A look back at the World Health Organization’s groundbreaking tobacco control treaty

wipfli_thankyoufornotsmoking_berlincigarettewarnings

A very interesting article from Foreign Affairs on something I knew very little about, honestly — the World Health Organization’s groundbreaking Framework Convention for Tobacco Control, a treaty signed by most of the nations on Earth.

The FCTC was the first-ever WHO worldwide treaty. The agency had gone 50 years without using its treaty-making power and when it did, it chose to direct its power at the growth of tobacco products in international markets.

This is important because of greater awareness in the West, much higher tobacco taxes and more regulations banning smoking in workplaces, the smoking rate has dropped through most Western countries. However, the tobacco industry has adapted by turning its energies toward emerging markets in India, Africa, South America and Southeast Asia.

The FCTC came on the heels on the release of the so-called “cigarette papers,” millions of millions of internal memos and studies from the tobacco industry dating back to the 1950s which became public knowledge through the discovery process in various lawsuits against Big Tobacco. The treaty provides assistance to smaller, developing countries to battle the worldwide Big Tobacco industry in putting together tobacco control programs. The treaty, which took three years to negotiate and was first ratified by 40 countries in 2005. It has since been ratified by 180 countries representing over 90 percent of the people on Earth.
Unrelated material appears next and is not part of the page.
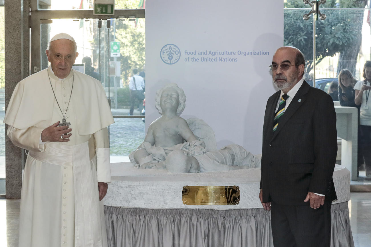 Donata alla Fao dal Papa, la scultura raffigura il piccolo Aylan, il rifugiato morto sulla spiaggia di Bodrum, in Turchia nell'ottobre 2015, che con tutta la sua drammaticità racconta la grave crisi

The FCTC gives smaller, poorer countries information and resources from richer countries as those nations face uphill battles with Big Tobacco in trying to implement laws regarding tobacco packaging, marketing and use in public areas. These battles have been talked by a lot by John Oliver and others with his “Jeff the Diseased Lung” campaign. Big Tobacco, oftentimes with assistance from the U.S. Chamber of Commerce as its hammer, has fought tiny countries such as Togo and Uruguay (and not so tiny Australia) whenever those countries try to pass laws controlling tobacco marketing and packaging.

Some of the basic things the FCTC helps smaller nations with include some of the same things that have worked in the West to reduce tobacco use:

•    Adopt tax and price measures to reduce tobacco consumption;
•    Ban tobacco advertising, promotion and sponsorship;
•    Create smoke-free work and public spaces;
•    Put prominent health warnings on tobacco packages;
•    Combat illicit trade in tobacco products.